Mr. Byrne: Information on Eric J. Byrne  Zoom on Eric J. Byrne  I would like to be associated with the comments made by Deputy Higgins and I appeal to the Minister to satisfy the demand for a new dental hospital in Dublin.

Minister for Education (Mrs. O'Rourke): Information on Mary O'Rourke  Zoom on Mary O'Rourke  The need for a new dental hospital and school to replace the existing inadequate facilities has been accepted for a long time, indeed for 23 or 24 years. To comply with the fire regulations would cost about £2 million and those modifications would result only in a temporary solution. We would still not have a premises which was clinically correct as well as a safe facility or an adequate training environment.

The estimated cost of providing a new hospital and school on the site is £14 million at 1990 prices. This figure would include the furniture, equipment and fees but would exclude the £1.5 million already incurred on the site of the development, and the design fees.

While this project, when it comes about, will be financed through my Department, we do not make the decision on the necessity or otherwise of such a facility or on what will be in it. That is a matter for the Minister for Health. Because it is a third level facility the funding will be under my Estimate.

In 1987 the Minister for Health was asked to report on the need for a dental hospital in Dublin. The Department of Health have confirmed that they are satisfied that a dental hospital/school is [787] needed in Dublin, both in relation to the range and nature of the specialist services it provides and the extent of its patient needs. This is where the Department of Health come in because naturally my Department would not have the expertise to deal with the matter. It is also justified by the Department of Health in the context of the desired dentist population ratio.

Approximately 80,000 patient visits are made to the hospital annually and a high proportion of these are made by medical card holders. It satisfies the needs of those who require training, out patients and those who have no other way of getting dental care. The hospital also provides treatment for haemophiliacs, HIV positive patients, prisoners and other medically and socially disadvantaged people, many of whom would not otherwise obtain treatment. The number of patients treated could be increased to about 120,000 per year in a new building.

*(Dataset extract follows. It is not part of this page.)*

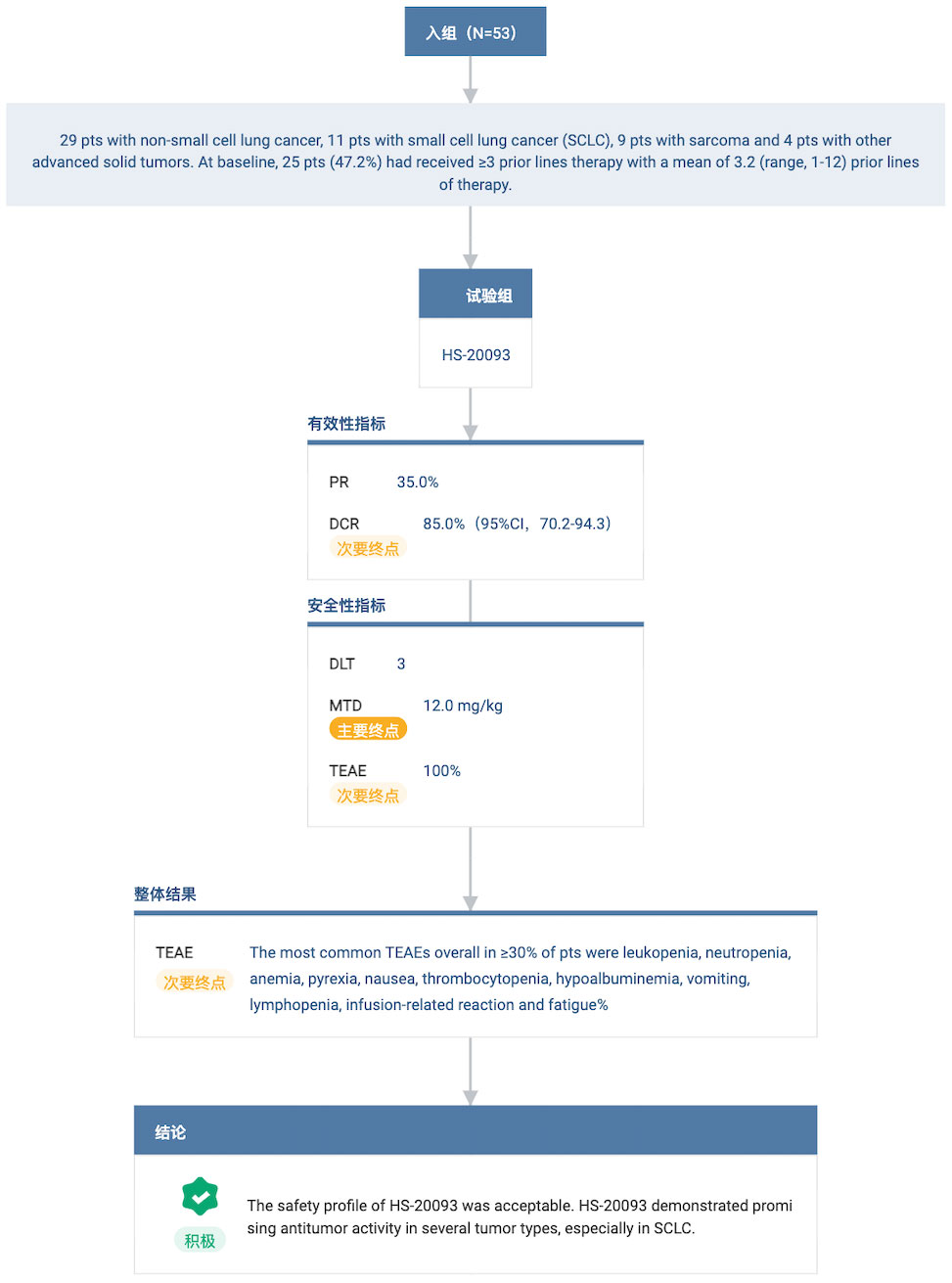 根据 HS-20093 的一项多中心、开放标签 I 期首次人体临床试验 ARTEMIS-001(登记号:NCT05276609)显示,截至 2023 年 3 月 10 日,剂量递增阶段共入组 53 例受试者(未筛选靶点,回顾性检测 B7-H3 蛋白表达),包括非小细胞肺癌、小细胞肺癌、骨及软组织肉瘤、食管癌、黑色素瘤和乳腺癌。

In addition to providing training for about 200 undergraduate and post-graduate dentist students, the facility proposed for Dublin would also cater for 75 para-dentist students while the library and lecture facilities would be used by students in St. James's Hospital. It is accepted that the case for a new dental hospital is well established and, as I said, this is based on the observations of the Department of Health. However the question of providing such a facility has now to be addressed.

Deputy Higgins referred to the question of third level enrolments which have increased by almost 28,000 to a total of 70,000 this year, an increase of 66 per cent during the decade. A capital provision of £14 million for a college which would cater for 200 full-time students must be subjected to a thorough scrutiny in the context of priorities. My Department, with the Department of Health, are pursuing as a matter of urgency the question of how to address the present highly unsatisfactory situation.

The need for such a hospital has been assessed by the Department of Health.

[788] Our provision, in student terms, is very modest compared with the provision by the Department of Health who provide a great many services each year. This matter has to be worked out carefully so that the division of costings can be done in an equitable manner. It would be odd if we were to provide from our own budget a facility which would be used in the main by public patients. These are matters which must be addressed by the two Departments involved.

I have had several meetings with Derry Shanley who has impressed me greatly by the way he has stuck with the case in very difficult circumstances. I, too, have visited the hospital and was not satisfied with what I saw. I have already spoken to the Minister for Health about the matter but we will now have to address the matter with greater urgency. I hope we will speak about this matter again in the House and I thank the Deputy for raising it.